[Information shown Boundary: Start]

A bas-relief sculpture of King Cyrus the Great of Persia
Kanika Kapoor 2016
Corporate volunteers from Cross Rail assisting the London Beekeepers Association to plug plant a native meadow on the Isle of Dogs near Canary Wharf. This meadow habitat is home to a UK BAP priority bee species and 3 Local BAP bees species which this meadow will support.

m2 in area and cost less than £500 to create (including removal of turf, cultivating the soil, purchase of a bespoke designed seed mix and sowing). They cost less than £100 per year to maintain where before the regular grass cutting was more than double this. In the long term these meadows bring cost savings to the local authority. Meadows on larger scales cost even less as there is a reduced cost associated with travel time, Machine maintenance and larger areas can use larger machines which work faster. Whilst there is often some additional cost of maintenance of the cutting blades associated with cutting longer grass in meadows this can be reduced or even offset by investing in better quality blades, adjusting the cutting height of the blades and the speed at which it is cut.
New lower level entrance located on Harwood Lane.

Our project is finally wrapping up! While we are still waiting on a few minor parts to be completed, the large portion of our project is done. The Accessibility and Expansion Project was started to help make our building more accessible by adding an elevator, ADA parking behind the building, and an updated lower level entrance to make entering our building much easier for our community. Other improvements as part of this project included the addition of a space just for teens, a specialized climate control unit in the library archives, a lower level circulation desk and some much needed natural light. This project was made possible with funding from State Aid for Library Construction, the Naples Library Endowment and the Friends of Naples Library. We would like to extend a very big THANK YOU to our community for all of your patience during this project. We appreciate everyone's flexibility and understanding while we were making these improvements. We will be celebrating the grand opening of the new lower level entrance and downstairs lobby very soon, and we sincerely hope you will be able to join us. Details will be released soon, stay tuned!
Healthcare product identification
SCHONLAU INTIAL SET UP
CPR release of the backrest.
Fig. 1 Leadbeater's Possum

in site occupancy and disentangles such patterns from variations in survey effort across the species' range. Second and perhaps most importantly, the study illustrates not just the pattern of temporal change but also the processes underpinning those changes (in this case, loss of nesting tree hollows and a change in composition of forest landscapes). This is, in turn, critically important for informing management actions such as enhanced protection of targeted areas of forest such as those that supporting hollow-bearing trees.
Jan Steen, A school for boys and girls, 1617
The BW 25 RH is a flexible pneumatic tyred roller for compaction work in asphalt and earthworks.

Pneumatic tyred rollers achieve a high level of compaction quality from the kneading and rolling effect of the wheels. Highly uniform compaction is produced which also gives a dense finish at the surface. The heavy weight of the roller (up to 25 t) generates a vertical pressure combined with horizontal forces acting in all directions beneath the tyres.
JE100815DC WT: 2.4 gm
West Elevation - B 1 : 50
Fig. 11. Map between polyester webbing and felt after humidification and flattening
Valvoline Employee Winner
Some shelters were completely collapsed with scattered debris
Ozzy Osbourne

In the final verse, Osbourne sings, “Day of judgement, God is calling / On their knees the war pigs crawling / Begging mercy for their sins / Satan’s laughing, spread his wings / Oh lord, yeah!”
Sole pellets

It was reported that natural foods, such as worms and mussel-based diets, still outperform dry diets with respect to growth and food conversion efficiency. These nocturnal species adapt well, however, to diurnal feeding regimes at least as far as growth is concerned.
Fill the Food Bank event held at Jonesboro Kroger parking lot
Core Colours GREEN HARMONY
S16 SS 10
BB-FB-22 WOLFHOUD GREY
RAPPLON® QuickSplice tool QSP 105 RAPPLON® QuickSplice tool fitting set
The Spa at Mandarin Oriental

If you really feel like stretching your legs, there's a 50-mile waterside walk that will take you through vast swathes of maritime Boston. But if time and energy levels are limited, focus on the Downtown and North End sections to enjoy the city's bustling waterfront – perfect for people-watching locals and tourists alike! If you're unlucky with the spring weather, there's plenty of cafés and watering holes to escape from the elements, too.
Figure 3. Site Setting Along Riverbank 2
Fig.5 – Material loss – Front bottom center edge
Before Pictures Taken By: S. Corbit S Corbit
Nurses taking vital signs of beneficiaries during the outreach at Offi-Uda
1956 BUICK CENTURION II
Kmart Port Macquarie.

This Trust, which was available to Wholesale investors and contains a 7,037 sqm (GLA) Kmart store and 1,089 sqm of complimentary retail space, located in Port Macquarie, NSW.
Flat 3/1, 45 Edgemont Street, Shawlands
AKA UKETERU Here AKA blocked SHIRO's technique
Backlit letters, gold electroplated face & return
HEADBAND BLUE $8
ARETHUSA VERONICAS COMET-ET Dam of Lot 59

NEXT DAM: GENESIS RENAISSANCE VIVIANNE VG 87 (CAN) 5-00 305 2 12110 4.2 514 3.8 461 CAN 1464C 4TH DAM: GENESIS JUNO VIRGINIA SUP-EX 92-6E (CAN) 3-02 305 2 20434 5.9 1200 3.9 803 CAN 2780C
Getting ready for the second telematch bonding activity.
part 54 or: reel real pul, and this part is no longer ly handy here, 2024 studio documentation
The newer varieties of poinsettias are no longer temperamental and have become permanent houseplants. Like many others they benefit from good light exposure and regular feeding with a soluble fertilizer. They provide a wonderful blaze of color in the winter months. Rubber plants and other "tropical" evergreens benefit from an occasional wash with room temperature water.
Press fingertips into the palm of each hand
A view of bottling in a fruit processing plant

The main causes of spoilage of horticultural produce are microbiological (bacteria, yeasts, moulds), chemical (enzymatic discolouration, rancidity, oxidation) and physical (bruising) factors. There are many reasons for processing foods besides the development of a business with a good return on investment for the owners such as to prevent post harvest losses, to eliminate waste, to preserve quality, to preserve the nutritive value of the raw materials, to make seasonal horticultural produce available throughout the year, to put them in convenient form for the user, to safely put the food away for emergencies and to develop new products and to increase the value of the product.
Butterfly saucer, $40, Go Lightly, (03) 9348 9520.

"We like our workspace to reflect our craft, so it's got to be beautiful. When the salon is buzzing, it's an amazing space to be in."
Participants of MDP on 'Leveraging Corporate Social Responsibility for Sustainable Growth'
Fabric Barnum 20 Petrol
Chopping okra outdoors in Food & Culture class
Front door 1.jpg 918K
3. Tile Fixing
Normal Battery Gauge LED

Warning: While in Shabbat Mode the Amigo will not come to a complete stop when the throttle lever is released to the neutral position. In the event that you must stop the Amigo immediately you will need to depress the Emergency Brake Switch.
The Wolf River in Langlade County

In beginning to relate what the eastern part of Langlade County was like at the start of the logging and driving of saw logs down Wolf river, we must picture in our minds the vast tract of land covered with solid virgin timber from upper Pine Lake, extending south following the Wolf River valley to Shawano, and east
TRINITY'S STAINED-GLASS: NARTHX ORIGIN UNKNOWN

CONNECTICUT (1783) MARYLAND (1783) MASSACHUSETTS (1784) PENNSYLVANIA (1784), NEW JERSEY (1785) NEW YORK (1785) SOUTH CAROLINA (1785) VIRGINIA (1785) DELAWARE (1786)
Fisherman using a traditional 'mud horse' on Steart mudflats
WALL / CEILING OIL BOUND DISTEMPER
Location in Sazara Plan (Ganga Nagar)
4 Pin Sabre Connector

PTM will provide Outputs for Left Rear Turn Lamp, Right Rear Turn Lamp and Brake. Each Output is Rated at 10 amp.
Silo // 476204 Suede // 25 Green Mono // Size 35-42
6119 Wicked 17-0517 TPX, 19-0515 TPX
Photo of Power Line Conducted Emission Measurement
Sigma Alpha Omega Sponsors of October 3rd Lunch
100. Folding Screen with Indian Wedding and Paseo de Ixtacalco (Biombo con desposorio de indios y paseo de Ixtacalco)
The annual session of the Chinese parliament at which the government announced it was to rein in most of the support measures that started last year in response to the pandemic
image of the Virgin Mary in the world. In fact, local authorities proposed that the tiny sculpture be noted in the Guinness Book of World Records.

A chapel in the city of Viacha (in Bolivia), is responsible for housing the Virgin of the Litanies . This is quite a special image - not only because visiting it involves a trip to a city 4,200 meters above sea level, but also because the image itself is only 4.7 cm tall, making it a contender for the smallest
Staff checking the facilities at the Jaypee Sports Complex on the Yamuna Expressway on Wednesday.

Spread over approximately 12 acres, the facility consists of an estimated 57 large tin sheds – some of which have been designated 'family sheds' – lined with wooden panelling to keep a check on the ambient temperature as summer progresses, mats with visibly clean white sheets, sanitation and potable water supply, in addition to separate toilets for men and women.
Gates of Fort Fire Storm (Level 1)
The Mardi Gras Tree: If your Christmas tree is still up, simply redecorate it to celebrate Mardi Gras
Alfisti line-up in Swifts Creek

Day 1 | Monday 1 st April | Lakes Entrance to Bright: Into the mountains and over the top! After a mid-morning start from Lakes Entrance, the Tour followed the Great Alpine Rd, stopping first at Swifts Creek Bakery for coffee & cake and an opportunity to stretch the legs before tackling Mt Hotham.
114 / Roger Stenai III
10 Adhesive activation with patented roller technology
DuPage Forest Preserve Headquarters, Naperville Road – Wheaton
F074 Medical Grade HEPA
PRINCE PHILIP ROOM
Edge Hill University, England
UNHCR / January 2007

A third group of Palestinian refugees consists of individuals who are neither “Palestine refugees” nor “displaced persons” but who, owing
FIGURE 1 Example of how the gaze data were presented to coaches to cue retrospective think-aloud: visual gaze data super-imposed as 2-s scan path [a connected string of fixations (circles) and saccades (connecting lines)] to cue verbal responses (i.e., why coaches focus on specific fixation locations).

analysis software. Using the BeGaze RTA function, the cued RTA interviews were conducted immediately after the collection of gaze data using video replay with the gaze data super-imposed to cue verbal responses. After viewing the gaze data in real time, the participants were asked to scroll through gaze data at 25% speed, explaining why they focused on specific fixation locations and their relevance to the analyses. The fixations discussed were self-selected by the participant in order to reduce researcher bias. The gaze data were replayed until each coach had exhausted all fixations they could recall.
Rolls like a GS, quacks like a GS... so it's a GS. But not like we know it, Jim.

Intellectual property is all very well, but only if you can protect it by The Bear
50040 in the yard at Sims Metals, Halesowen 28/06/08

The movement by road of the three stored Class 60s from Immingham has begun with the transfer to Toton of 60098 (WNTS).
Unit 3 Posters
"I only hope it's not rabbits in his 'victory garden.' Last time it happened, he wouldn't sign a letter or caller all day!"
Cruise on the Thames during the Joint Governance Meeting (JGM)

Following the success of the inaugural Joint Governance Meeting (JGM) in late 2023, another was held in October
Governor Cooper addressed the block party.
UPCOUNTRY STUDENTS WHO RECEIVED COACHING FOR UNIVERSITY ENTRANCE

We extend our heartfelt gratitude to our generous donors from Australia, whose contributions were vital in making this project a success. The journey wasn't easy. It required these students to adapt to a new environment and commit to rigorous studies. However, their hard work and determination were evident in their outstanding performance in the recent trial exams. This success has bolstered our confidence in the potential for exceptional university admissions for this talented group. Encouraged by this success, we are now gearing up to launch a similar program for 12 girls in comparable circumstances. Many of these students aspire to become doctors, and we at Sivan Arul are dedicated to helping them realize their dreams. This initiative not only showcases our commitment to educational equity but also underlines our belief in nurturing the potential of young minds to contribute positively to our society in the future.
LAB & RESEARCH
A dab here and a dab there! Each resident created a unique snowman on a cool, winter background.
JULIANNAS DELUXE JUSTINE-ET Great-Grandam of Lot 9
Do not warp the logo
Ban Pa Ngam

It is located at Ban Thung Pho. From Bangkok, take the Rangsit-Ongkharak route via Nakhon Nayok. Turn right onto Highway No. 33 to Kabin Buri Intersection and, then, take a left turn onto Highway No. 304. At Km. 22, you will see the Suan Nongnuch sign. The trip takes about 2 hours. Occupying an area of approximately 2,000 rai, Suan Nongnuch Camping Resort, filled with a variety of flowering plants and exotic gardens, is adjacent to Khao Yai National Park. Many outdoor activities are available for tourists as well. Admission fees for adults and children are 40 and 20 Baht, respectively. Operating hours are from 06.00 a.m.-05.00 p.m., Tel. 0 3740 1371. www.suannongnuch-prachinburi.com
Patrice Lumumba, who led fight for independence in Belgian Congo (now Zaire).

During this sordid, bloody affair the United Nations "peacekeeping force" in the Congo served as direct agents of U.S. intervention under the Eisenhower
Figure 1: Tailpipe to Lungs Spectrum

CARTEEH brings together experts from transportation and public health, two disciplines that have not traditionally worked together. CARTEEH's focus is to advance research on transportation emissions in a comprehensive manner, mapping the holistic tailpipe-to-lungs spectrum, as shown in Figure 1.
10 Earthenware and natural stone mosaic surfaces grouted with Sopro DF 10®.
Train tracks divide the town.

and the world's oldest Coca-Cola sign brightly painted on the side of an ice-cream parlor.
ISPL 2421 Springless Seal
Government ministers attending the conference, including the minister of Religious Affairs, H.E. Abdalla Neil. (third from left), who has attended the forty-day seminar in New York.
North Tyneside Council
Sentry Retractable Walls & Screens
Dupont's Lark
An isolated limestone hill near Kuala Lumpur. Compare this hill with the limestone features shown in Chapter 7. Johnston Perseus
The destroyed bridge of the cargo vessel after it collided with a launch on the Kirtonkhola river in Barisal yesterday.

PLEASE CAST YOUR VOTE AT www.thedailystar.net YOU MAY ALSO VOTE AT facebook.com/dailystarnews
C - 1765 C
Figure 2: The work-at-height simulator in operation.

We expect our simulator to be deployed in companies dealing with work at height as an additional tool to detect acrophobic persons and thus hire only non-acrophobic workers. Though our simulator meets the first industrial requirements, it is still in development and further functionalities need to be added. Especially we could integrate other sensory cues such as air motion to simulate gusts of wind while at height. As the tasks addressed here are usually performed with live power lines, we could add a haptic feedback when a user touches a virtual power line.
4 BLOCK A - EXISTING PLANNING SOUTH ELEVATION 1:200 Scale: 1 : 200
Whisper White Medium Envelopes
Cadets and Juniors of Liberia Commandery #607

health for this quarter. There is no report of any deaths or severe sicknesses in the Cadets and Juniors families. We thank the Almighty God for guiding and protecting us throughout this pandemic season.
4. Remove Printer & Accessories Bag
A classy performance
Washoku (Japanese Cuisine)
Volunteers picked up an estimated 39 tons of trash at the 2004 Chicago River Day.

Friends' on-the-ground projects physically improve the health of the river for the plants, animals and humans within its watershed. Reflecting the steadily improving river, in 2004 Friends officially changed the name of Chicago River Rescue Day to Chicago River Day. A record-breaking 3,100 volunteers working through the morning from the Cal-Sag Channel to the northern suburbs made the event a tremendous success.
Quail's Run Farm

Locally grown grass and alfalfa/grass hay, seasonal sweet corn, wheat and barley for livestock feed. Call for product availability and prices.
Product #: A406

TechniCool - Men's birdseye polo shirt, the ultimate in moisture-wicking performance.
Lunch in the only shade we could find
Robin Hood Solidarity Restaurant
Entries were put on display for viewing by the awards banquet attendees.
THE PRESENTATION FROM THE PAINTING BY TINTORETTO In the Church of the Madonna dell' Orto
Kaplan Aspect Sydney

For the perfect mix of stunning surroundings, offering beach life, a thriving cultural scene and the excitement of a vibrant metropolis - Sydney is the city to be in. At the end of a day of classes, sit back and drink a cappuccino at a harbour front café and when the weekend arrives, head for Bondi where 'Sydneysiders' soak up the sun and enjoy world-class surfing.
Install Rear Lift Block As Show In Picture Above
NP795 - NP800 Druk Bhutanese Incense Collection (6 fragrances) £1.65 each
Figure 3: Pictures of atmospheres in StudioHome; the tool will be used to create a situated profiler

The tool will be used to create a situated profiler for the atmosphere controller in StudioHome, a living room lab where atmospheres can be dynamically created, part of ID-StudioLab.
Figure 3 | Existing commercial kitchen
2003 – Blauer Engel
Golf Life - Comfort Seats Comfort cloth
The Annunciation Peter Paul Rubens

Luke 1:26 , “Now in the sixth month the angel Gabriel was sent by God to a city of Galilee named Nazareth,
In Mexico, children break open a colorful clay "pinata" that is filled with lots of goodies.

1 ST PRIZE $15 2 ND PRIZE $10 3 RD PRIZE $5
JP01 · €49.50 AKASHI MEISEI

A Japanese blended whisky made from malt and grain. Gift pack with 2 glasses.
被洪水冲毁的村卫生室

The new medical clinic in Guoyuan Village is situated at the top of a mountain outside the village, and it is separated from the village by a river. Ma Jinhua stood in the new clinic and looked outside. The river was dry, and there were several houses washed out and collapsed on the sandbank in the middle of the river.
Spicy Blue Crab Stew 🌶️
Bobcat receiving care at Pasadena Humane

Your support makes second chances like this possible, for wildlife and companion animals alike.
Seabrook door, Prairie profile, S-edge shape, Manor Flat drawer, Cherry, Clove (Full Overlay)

[Information shown Boundary: End]

Exercise brief>
Starting at the line that contains "Front door 1.jpg 918K" and stopping after the line that contains "The Wolf River in Langlade County", write out every line exactly as it appears above, and no other line.

Answer>
Front door 1.jpg 918K
3. Tile Fixing
Normal Battery Gauge LED

Warning: While in Shabbat Mode the Amigo will not come to a complete stop when the throttle lever is released to the neutral position. In the event that you must stop the Amigo immediately you will need to depress the Emergency Brake Switch.
The Wolf River in Langlade County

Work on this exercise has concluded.